Prediction using trained model.

Xnp.ndarray with shape (n_data, n_features): Feature matrix for prediction.

Utilities

Utility classes and functions for constructing estimators.

class exhbma.scaler.StandardScaler(n_dim, scaling: bool = True)

exhbma.probabilities.gamma(x: ndarray, low: float | None = None, high: float | None = None, shape: float = 0.001, scale: float = 1000.0) → List[RandomVariable]: Gamma distribution: x ~ (const.) * x^(shape - 1) * exp(- x / scale) Distribution is limited on range of [low, high]. If low(high) is None, low(high) is set as the minimum(maximum) value of x.

exhbma.probabilities.inverse(x: ndarray, low: float | None = None, high: float | None = None) → List[RandomVariable]: x-inverse distribution: p(x) = 1 / x This distribution becomes proper when finite interval is considered.

exhbma.probabilities.uniform(x: ndarray, low: float = 0.0, high: float = 1.0) → List[RandomVariable]: Uniform distribution: p(x) = 1 / (high - low)

exhbma.integrate.integrate_log_values_in_line(log_values: List[float], x1: List[float], weights: List[float] | None = None, expect_positive: bool = True)

Integrate along line.

log_values: 1 dimension array with length len(x1): Log values to be integrated along x1
x1: List[float]: 1st axis points.
weights: Optional[List[float]], default: None: Weights to log_values.
expect_positive: bool, default: True: If set True, ValueError is raised when result is not positive.

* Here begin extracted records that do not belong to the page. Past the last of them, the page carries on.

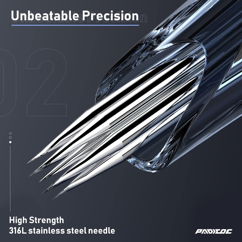 - ➷High Quality: The tattoo cartridge needles are made of high-grade 316L stainless steel and high-density clear plastic, leveling soldering, burr-free, and sharp needle tip. And the new design can make the tattoo needle cartridge catch more ink. Individual packaging is more hygienic.
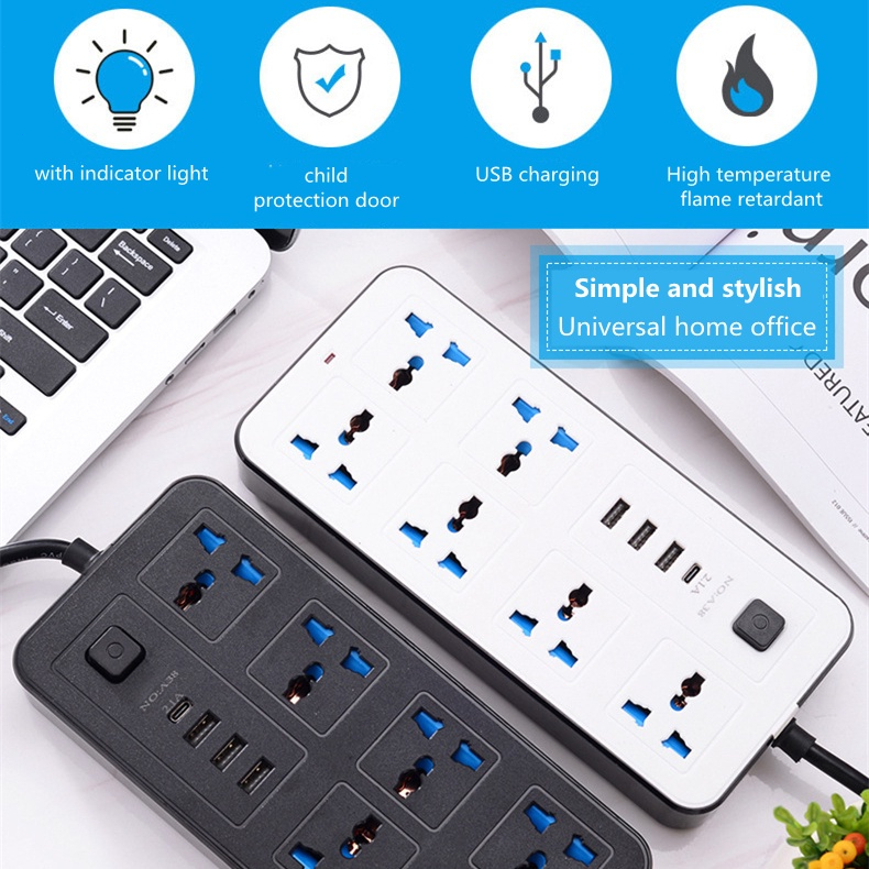 ?Bundle of 2?Power Socket Multifunctional With USB Pd Port, Fast Charging Extension Cable, Power Adapter A37
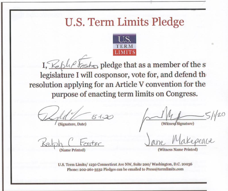 USTL President, Philip Blumel, commented on Read’s and Foster’s pledges saying, “Joe’s and Ralph’s support of term limits shows that there are individuals who are willing to listen to the majority of voters who want term limits. America needs a Congress that will be served by citizen legislators, not career politicians.”
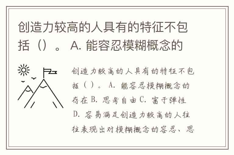创造力较高的人具有的特征不包括()。 A. 能容忍模糊概念的存在 B. 思考自由 C. 富于弹性 D. 容易满足
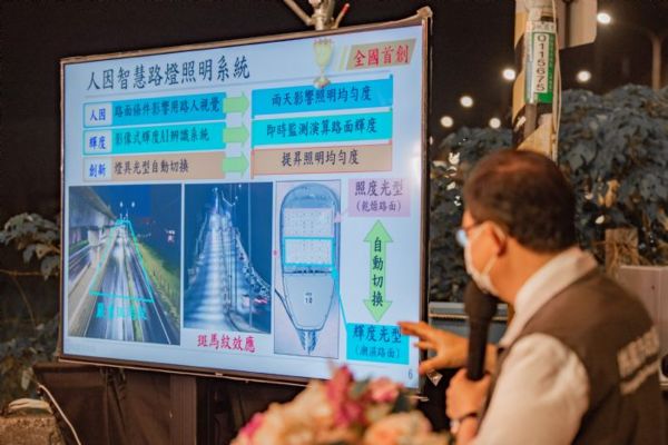 鄭市長指出,過去傳統水銀路燈,在雨天路面積水時容易形成反光及路燈照明不均勻等問題,可能令駕駛人視覺疲勞,影響路況判斷。市府在鄰近桃園棒球場旁的高鐵南路三段及過嶺重劃區周邊的高鐵南路五段,分別布建24盞智慧控光型路燈與100盞輝度型路燈,建構「人因智慧照明路燈系統」,運用智能LED路燈結合影像式輝度計與智慧光型控制技術,即時監視道路表面輝度狀態,自動切換燈具照度與輝度的光型,以提高用路人視覺舒適度。
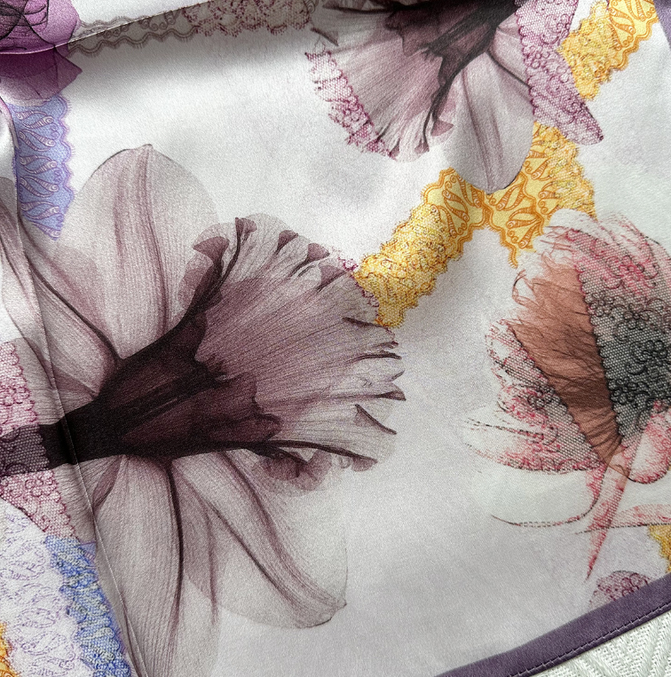 Home100% Mulberry Silk Square Scarf for Women 53x53cm Fashion Printed Shawl Wrap

exhbma.integrate.integrate_log_values_in_square(log_values: List[List[float]], x1: List[float], x2: List[float], weights: List[List[float]] | None = None, expect_positive: bool = True)

Integrate box region. int weight * exp(log_value) dx1 dx2

log_values: 2 dimension array with shape (len(x1), len(x2)): Log values to be integrated over x1 and x2 axes.
x1: List[float]: 1st axis points.
x2: List[float]: 2nd axis points.
weights: Optional[List[List[float]]], default: None: Weights to log_values.
expect_positive: bool, default: True: If set True, ValueError is raised when result is not positive.